To evaluate the practicability of the defined MATR3-pattern, mismatches to the findings in the individual patients were identified (Fig. 3b, Table 2). For all patients, a median mismatch of 6 muscles (12% of all examined muscles) was determined. The best match to the defined pattern was observed in the group of individuals with mid-stage disease, showing a median mismatch of 2 muscles (4%). While patients in end-stage disease showed a rather good match to the defined MATR3 pattern (median mismatch 7 muscles), a consistently poor match was seen in the disease onset group (median mismatch 10 muscles).

Overall, in 11 out of 15 patients (73%) a mismatch less than 20% of all examined muscles was observed. None of the patients in the disease onset group showed a sufficient match with the MATR3-pattern. A sufficient congruency (defined as mismatch < 20%) was observed for 89% of the patients in mid-stage and 100% of the patients in end-stage disease. An even stricter match to the defined MATR3-pattern (mismatch < 10%) was observed in 5 out of 9 patients in mid-stage disease (55%), while only one specimen (33%) in late-stage disease fulfilled this criterion.

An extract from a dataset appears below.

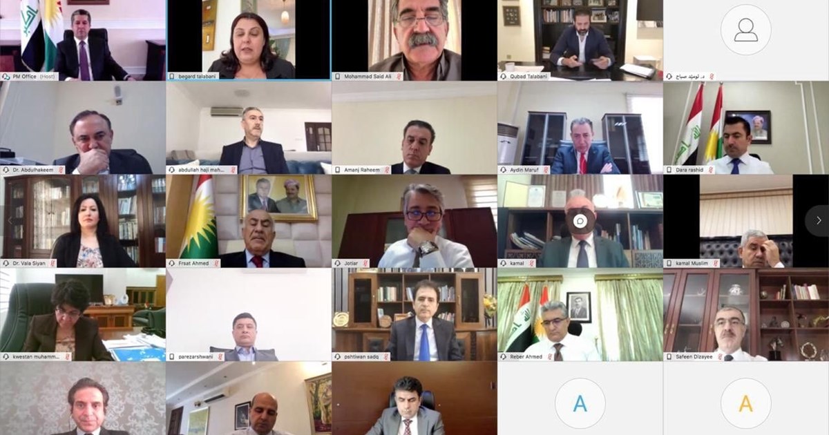 اربيل، اقليم كوردستان، العراق (GOV.KRD)- عقد مجلس وزراء إقليم كوردستان برئاسة رئيس مجلس الوزراء مسرور بارزاني، اليوم الأحد ٢١ حزيران (يونيو) ٢٠٢٠، جلسة خاصة عبر نظام مؤتمرات الفيديو (الفيديو كونفرانس) بمشاركة نائب رئيس مجلس الوزراء قوباد طالباني.

To determine the diagnostic practicability of the established MATR3-pattern, it was compared to literature-based lower-limb MRI patterns of other distal myopathies (Fig. 4a). A relevant discrimination (e.g. mismatch > 20%) of the MATR3-pattern to the majority of distal myopathies (16 out of 22 disease entities) was seen. In contrast, relevant similarities were observed in 6 distal myopathies (TIA1, late-stage TTN, MYOT, SQSTM1/TIA1, KLHL9, ADSSL1). Comprehensive information regarding affected muscles other than lower limb muscles were lacking for most of these distal myopathies, as only a few underlying studies applied whole-body MRI (2 out of 15, Table 3). Based on the available literature, a frequent affection of gluteal muscles was observed in MYOT- associated distal myopathy. However, a selective involution of gluteus minimus muscle as in MATR3-associated myopathy was not described (Table 3). Muscular involution of the paraspinal musculature was again solely reported in MYOT-associated distal myopathy. While a selective involvement of the thoracic paraspinal segments has not been described, there has been no explicit discrimination between lumbar, thoracic and cervical segments in this study (Table 3). Furthermore, respective changes were not present in MR-studies from patients with MYOT- and SQSTM1/TIA1-associated distal myopathy overseen in the neuromuscular research centre in Halle (Fig. 4b).